• **Recorded information**
--- --- ---

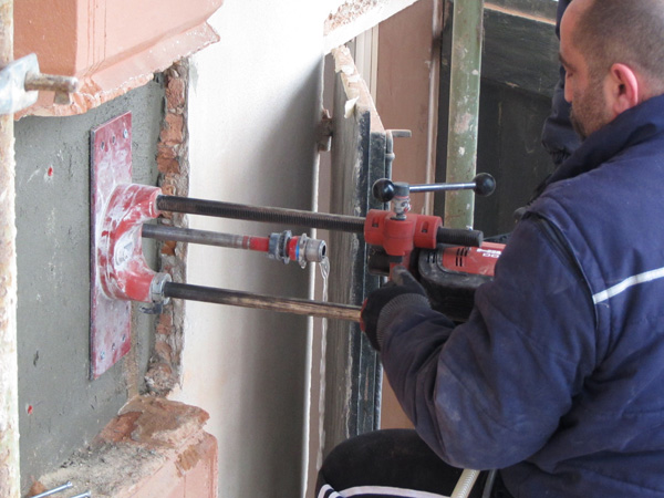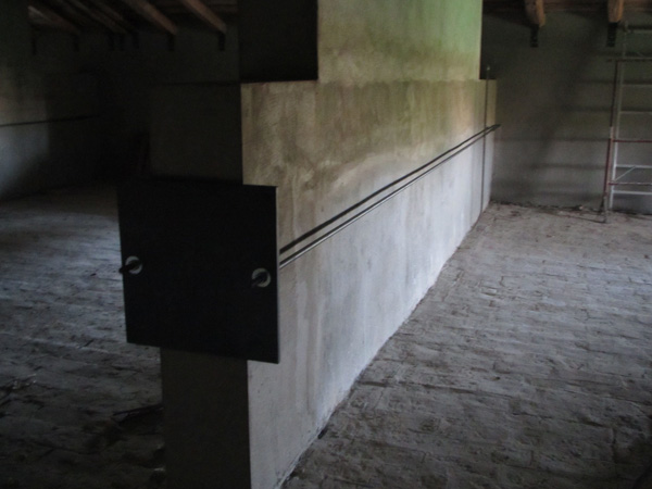 Per sopperire alla mancanza di elementi trasversali di ammorsamento tra pareti perimetrali e cortine trasversali si è ricorsi all’installazione di catene con piastre interne ed esterne.
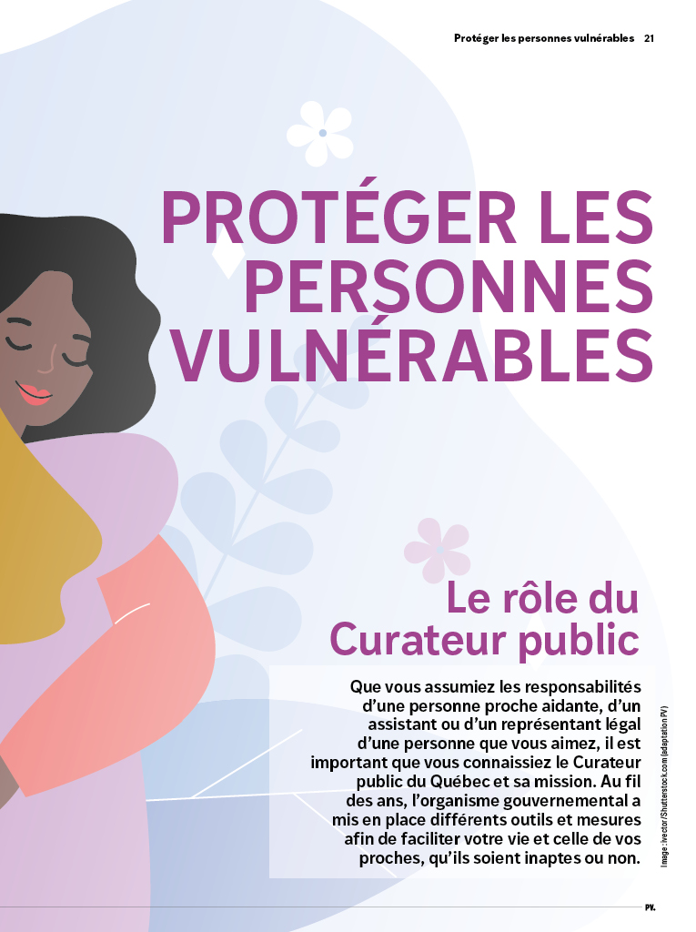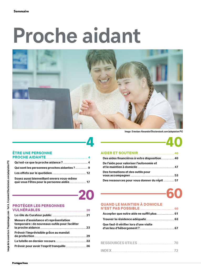 Ce guide réalisé en collaboration avec le Curateur public du Québec et le ministère de la Santé et des Services sociaux, se veut un outil pratique spécialement conçu pour les personnes proches aidantes.
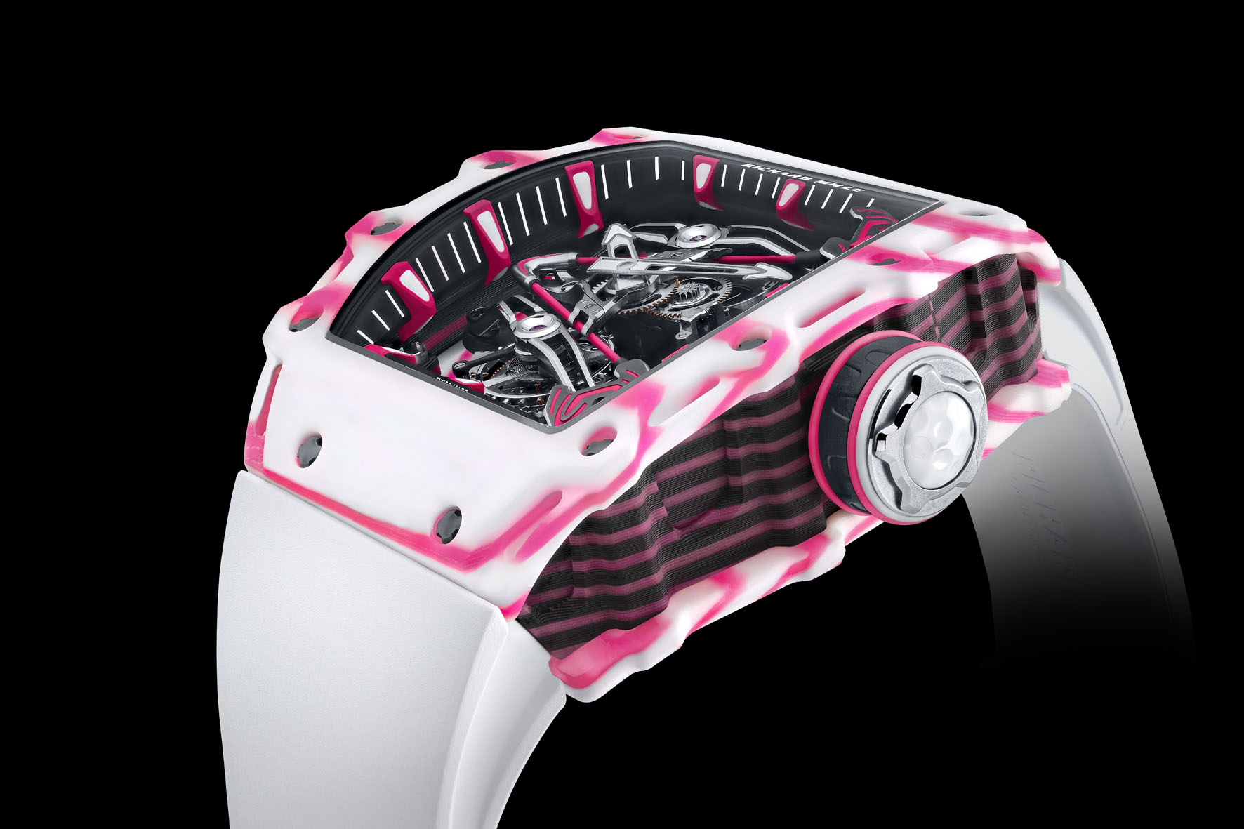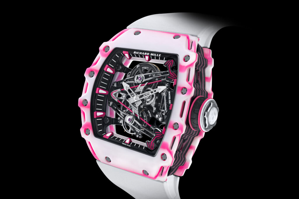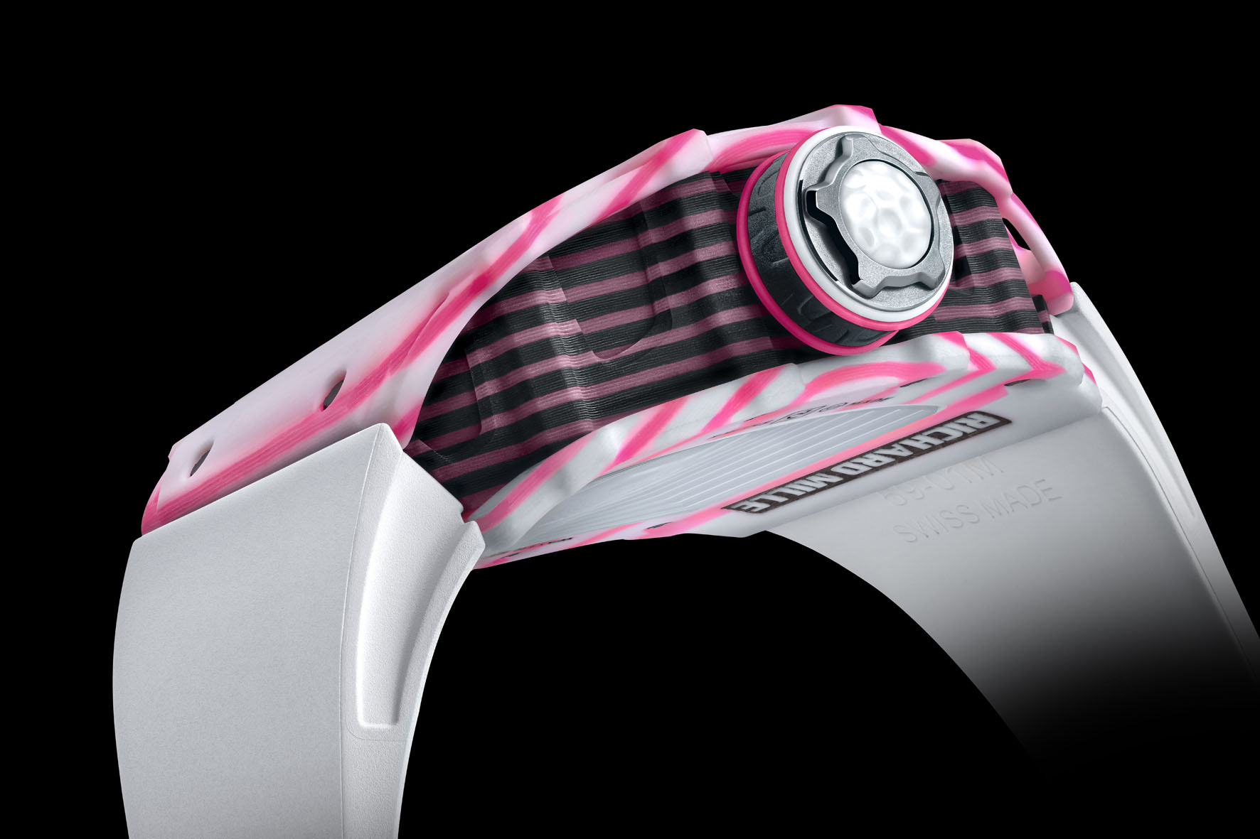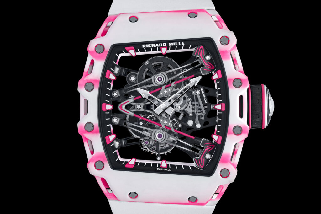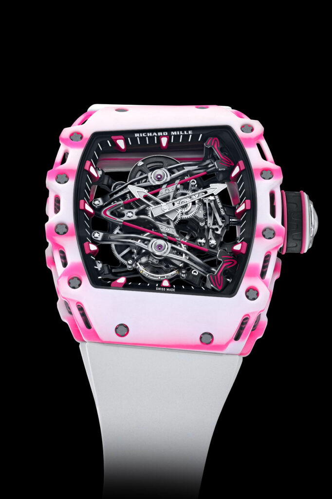 Pink it is. There is no question about that but that the new RM 38-02 Tourbillon Bubba Watson fits the brief. Inside and out, the watch and even the case are made of a unique pink Quartz TPT, white Quartz TPT and Carbon TPT, to match Bubba’s personality. The association of different colours and materials without merging them was a real technical challenge.

--- --- ---

• **Exercise directions**
The answer must be the lines above, word for word, from the first one through the line with "Ce guide réalisé", pictures excluded.

• **Reply to the task**
 Per sopperire alla mancanza di elementi trasversali di ammorsamento tra pareti perimetrali e cortine trasversali si è ricorsi all’installazione di catene con piastre interne ed esterne.
 Ce guide réalisé en collaboration avec le Curateur public du Québec et le ministère de la Santé et des Services sociaux, se veut un outil pratique spécialement conçu pour les personnes proches aidantes.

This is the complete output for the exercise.